Now that MTP is merged... What's the best outputs you're getting on Qwen 3.6 35B on 2x3090s?

**What Happened:** A thread on Reddit titled “Now that MTP is merged… What’s the best outputs you’re getting on Qwen 3.6 35B on 2x3090s?” has sparked discussion among users who are leveraging the new MTP merge for their models running on dual NVIDIA 3090 GPUs. The thread highlights that some users previously achieved impressive performance with a 1500 prompt-per-second (p/p) and 120 tokens-per-game (t/g) rate, but this has slowed to around an 80 t/g rate when using MTP. One user is sticking with their CPU fallback for now at 3500 p/p and 80 t/g until they find a better solution.

**Why It Matters:** This discussion underscores the ongoing experimentation and optimization efforts within the AI community, particularly concerning how different models perform on specific hardware configurations. The merging of MTP (Model Training Pipeline) has likely introduced changes that affect performance metrics, prompting users to reassess their setups. For those running large-scale models like Qwen 3.6 on high-performance GPUs, understanding these nuances is crucial for maintaining optimal performance and efficiency.
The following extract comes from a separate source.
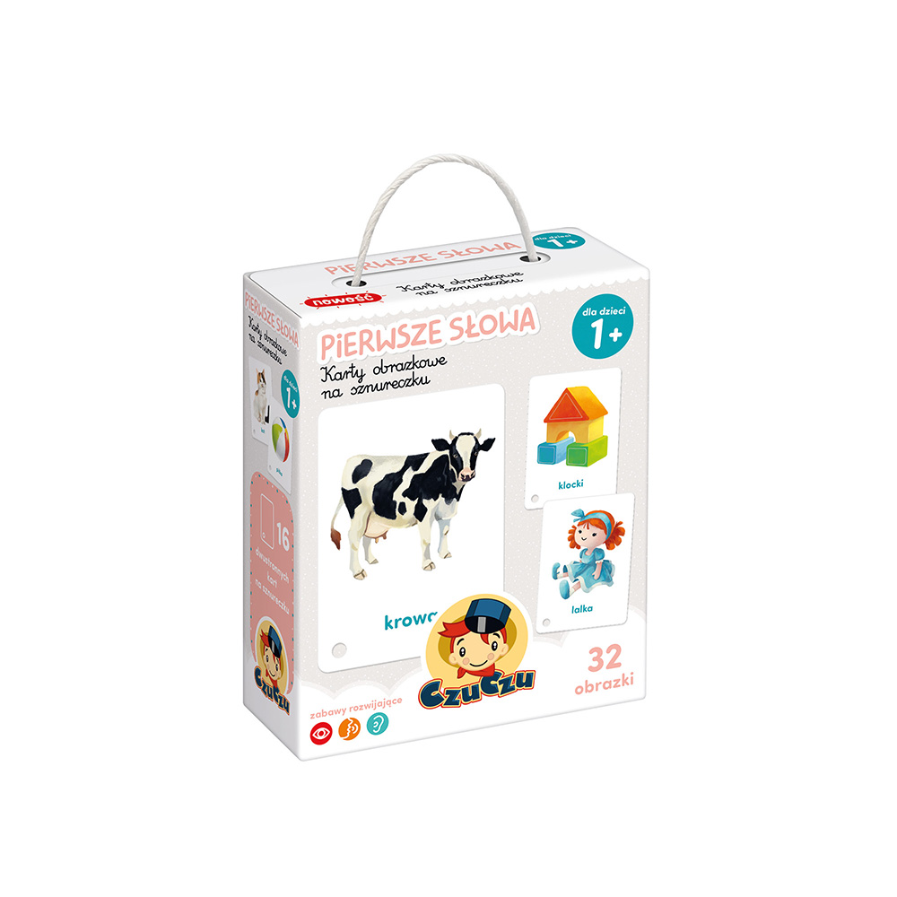 Bawcie się razem i poznawajcie nowe słowa z edukacyjną książeczką. Edukacyjne karty na sznureczku pozwalają odkrywać razem świat! Książeczka zawiera 32 piękne ilustracje, które przedstawiają to, co maluchy znają lub co mogą znaleźć w najbliższym otoczeniu. Poręczny format i oryginalne łączenie sprawiają, że kartami można bawić się na mnóstwo kreatywnych sposobów, które znakomicie wspierają rozwój poznawczy. Do zestawu dołączyliśmy poradnik pełen pomysłów na rozwijające aktywności. Wyjątkowa cecha: karty inspirują do różnorodnych edukacyjnych zabaw, których poziom trudności można dostosować do wieku i umiejętności dziecka. Bawcie się i doskonalcie różne umiejętności. Każde pudełko CzuCzu kryje milion pomysłów na zabawę! Jak się bawić z Kartami obrazkowymi na sznureczku Pierwsze słowa? Możecie na przykład:

– **Users are seeking insights into new model outputs after the MTP merge.**
– **Performance has varied post-merge, with some users experiencing a reduction in token generation rate.**
– **There’s an ongoing need to fine-tune configurations or find alternative solutions to achieve desired output rates.**

Originally published at reddit.com. Curated by AI Maestro.

Stay ahead of AI. Get the most important stories delivered to your inbox — no spam, no noise.